BOSTON—A former senior executive at private equity firm TPG Capital was sentenced on Wednesday to three months in prison for participating in a vast U.S. college admissions fraud scheme by paying $50,000 to rig his son’s college entrance exam results.
Prosecutors said Bill McGlashan, the former managing partner of TPG Growth and co-founder of The Rise Fund, paid to ensure that a corrupt test administrator would allow an associate to supervise his son’s ACT exam and secretly correct his answers.
U.S. District Judge Nathaniel Gorton in Boston said McGlashan, 57, had tried to steal a spot at a prestigious university from a more deserving applicant, and that his sentence would show that “even the rich and famous cannot avoid the rule of law.”
“You have let your enormous wealth, privilege and pride overwhelm all of what you want to stand for by your works of charity and philanthropy,” Gorton told him.
McGlashan, who must also pay a $250,000 fine, apologized. “In a world where fairness is in such short supply, what I did was totally unacceptable, and I acknowledge that,” he said.
After McGlashan was charged, his son withdrew his application to the University of Southern California.
Despite having been sentenced, under his plea deal, McGlashan could still withdraw his February guilty plea to a wire fraud charge should he succeed in appealing a key pretrial ruling against him.

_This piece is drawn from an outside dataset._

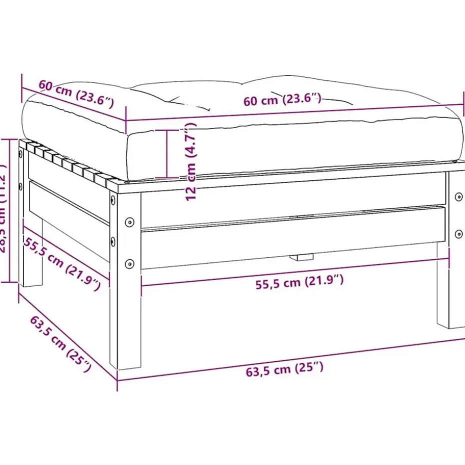 - Afmetingen voetenbank: 63,5 x 63,5 x 28,5 cm (B x D x H)

He is one of 57 people charged in the scandal, in which prosecutors said parents conspired with California college admissions consultant William “Rick” Singer to secure their children’s college admissions through fraud and bribery.
Singer pleaded guilty in 2019. In total, 43 people have pleaded guilty including “Desperate Housewives” star Felicity Huffman, who received a 14-day prison sentence, and “Full House” star Lori Loughlin, who was sentenced to two months in prison.